Pepsinogen II, gastritis, Helicobacter pylori, serological screening, enzyme-linked immunosorbent assay
Gastritis is histologically defined as the inflammation of the gastric mucosa and it is a frequent, severe and occult disease in human life. In clinic, it generally can be divided into chronic and acute ones. Based on etiology, it contains Helicobacter pylori (H. pylori) related, atrophic and autoimmune gastritis  and so on . There is a wealth of information that gastric atrophy is a substantial risk for the incidence of Gastric Cancer (GC). Over 50 % people in the world are affected by this disease and millions of people pass away each year as a sresult of GC or ulcers caused by gastritis[4,5]. These indicate that gastritis is ruining the health of hundreds of millions of people globally.

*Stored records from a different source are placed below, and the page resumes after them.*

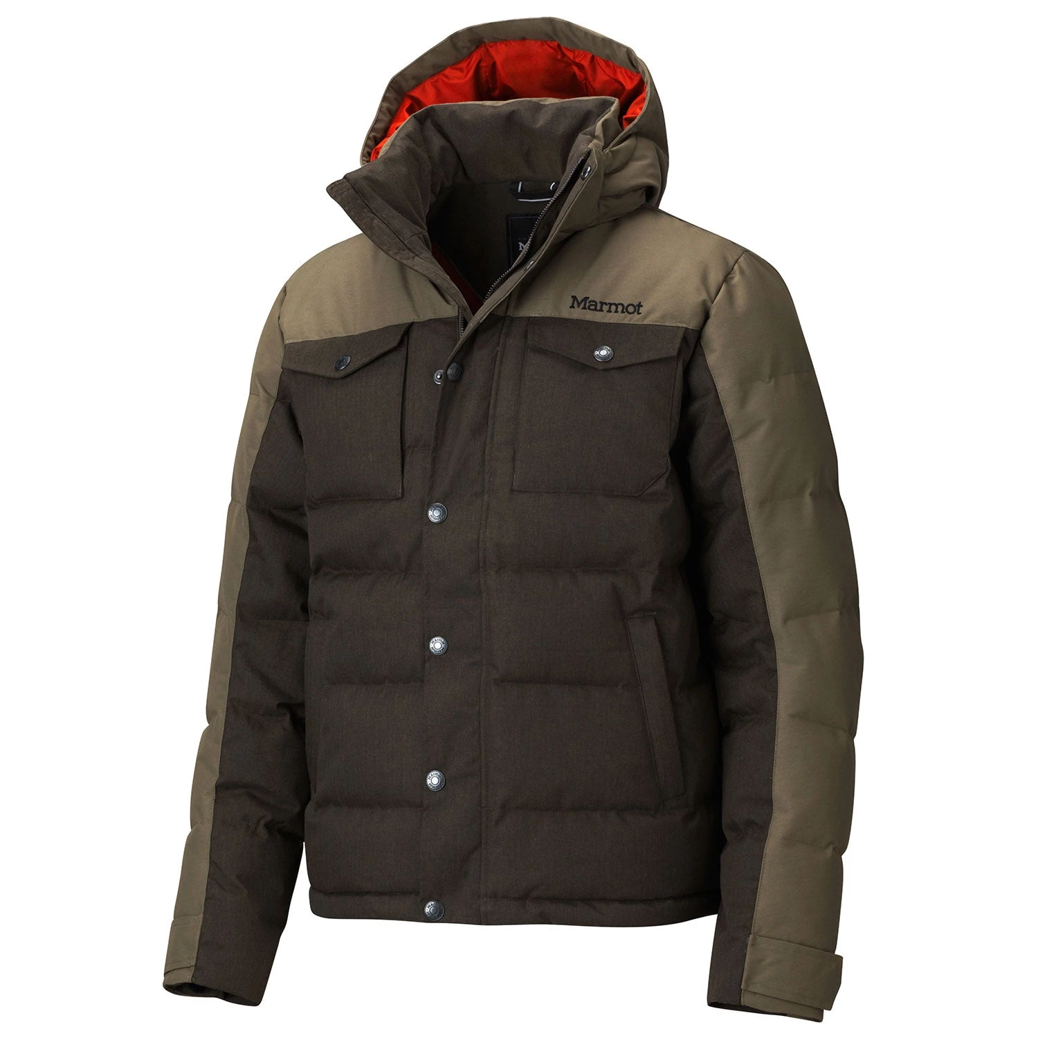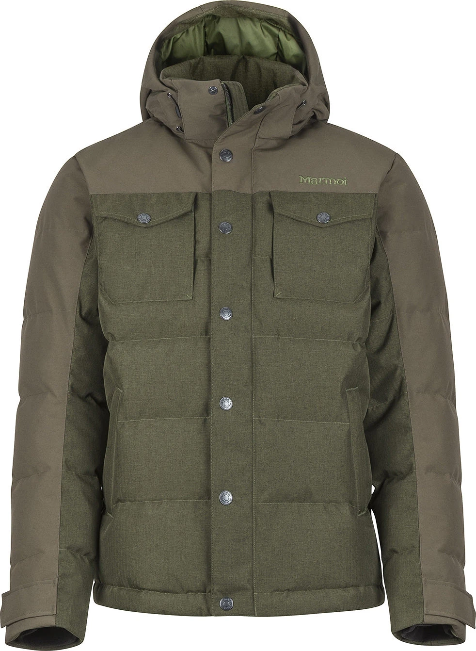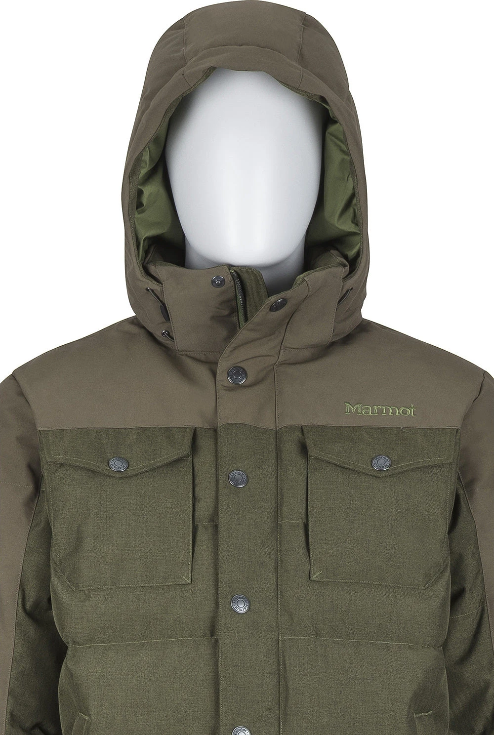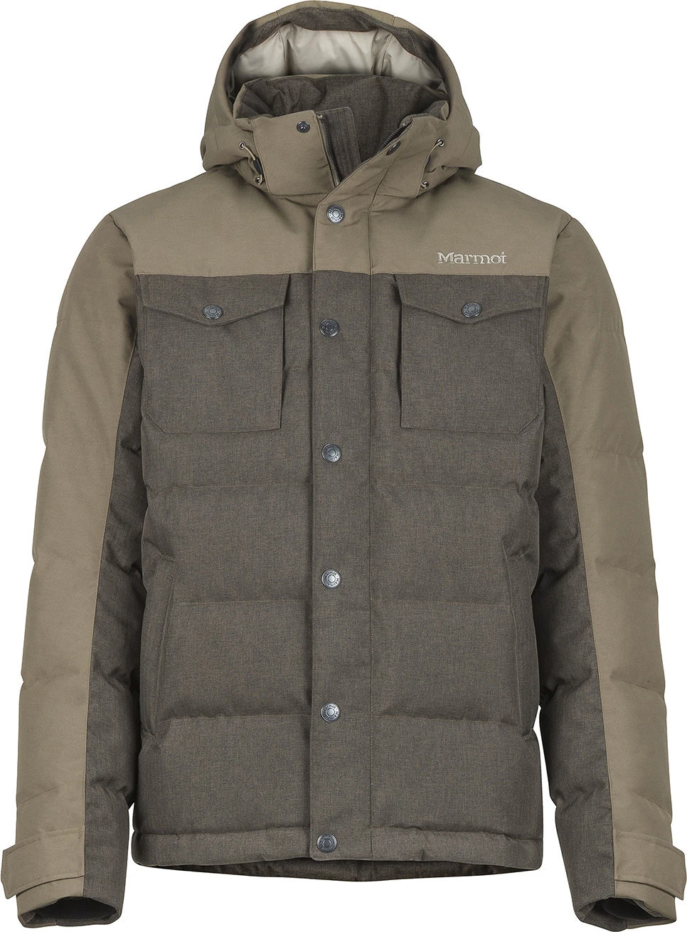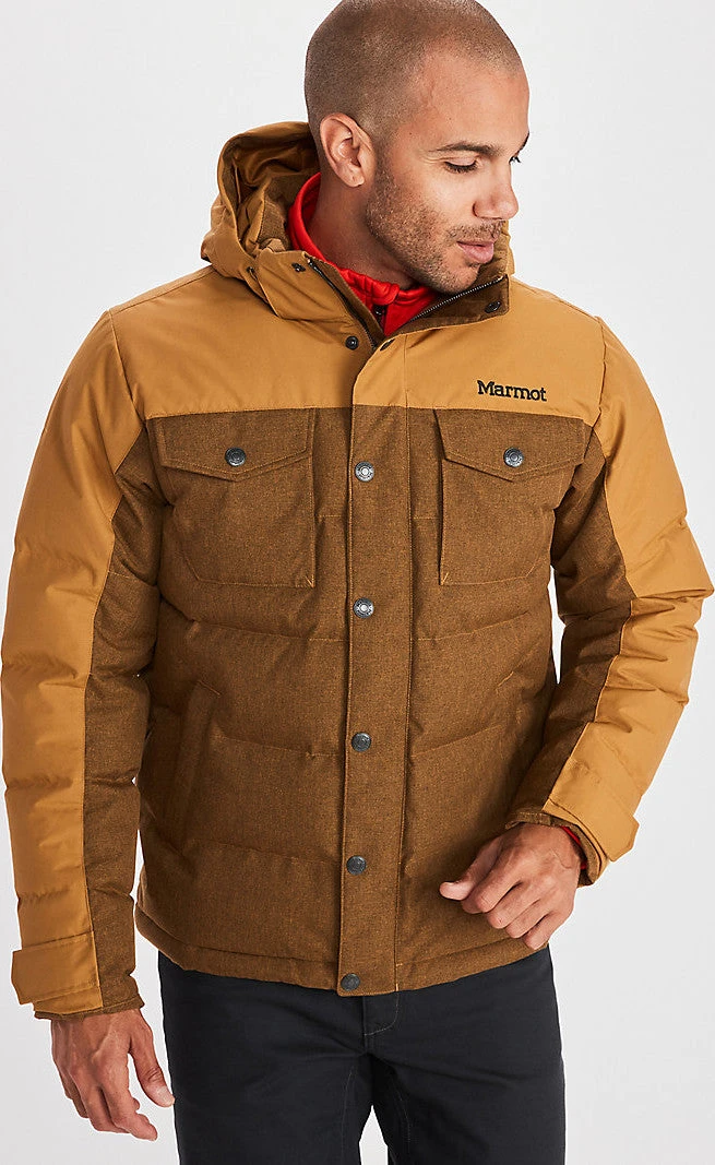 The men’s FORDHAM jacket by Marmot has the durability to match its rugged, outdoorsman looks. 700 fill power down lines this jacket, delivering tremendous thermal capacity and warmth. Its shoulders and arms are finished with a long-lasting 2L Herringbone Twill, while sturdy 2-layer Plain Weave with a waterproof MemBrain guards the jacket body. These protective weather-shielding weaves shed light rain and snow, making this jacket perfect for cold urban outings. The insulated hood zips off, allowing for a different wearing style. Along with the button-flap chest pockets, the Fordham jacket features zip hand pockets and a zippered internal media pocket.
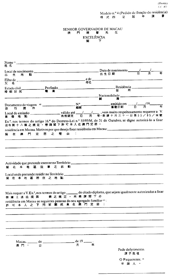 一、在澳门定居之申请应向总督提出,而有关申请应透过经利害关系人或其法定代理人签名之本法规所附格式四之文件,向治安警察厅出入境事务局递交。
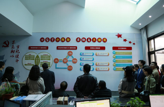 双方干部来到了浔龙河村党建服务中心,参观了该村的党建文化和村支两委办公场地,以及村民和党员学习场地。墙上展示的村支两委的严格的管理制度和先进的服务理念给大家留下了深刻的良好印象,党支部的战斗堡垒作用和党员的先锋模范作用使大家深受教育和启发。
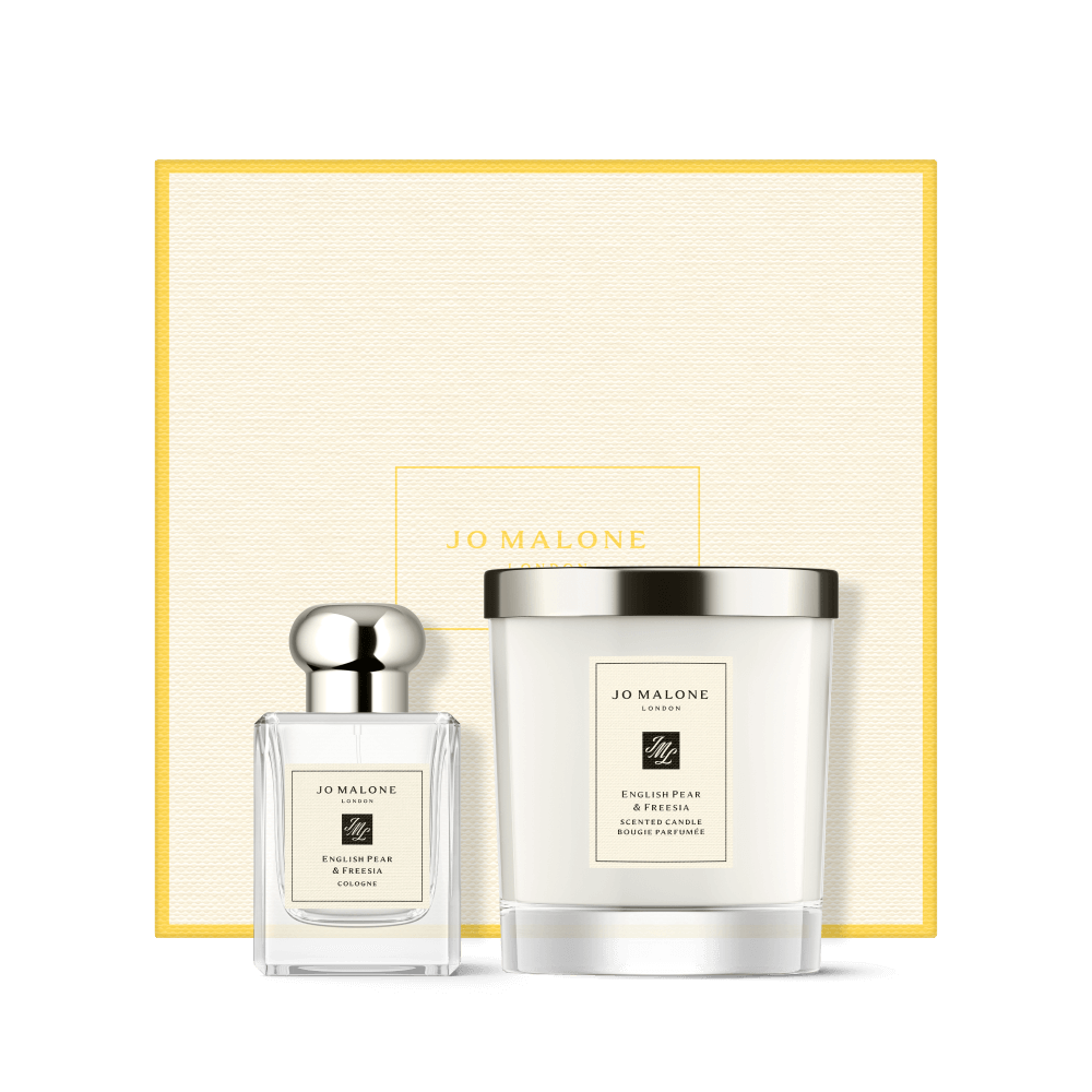 The Pear-fect Gift set - create an indulgent new ritual with English Pear & Freesia, our fruity signature fragrance. Just-ripe pears, wrapped in a bouquet of white freesias. Fill the room with orchards steeped in golden sunshine. Crafted in the British countryside in a signature glass design.

Currently, serological screening of stomach, especially for Pepsinogen (PG), gastrin-17 and H. pylori antibodies, is a non-invasive, simple and low- cost technique that has been widely used in screening for GC and precancerous lesions. In some countries like Japan and China, serological screening has been listed in the national plan for GC prevention and control[6,7]. PG is an inactive precursor of pepsin. Based on biochemistry and immune activity, human PG could be further classified into two subgroups, namely PG I and PG II. PG I is chiefly produced by main cells and mucus neck cells in gastric glands, whereas PG II by gastric glands, pyloric glands and Brunner’s glands in proximal duodenum[8,9]. Previously, only the ratio between PG II and PG I is applied in clinical tests and few studies have reported the clinical significance of PG II in gastric diseases[10-14].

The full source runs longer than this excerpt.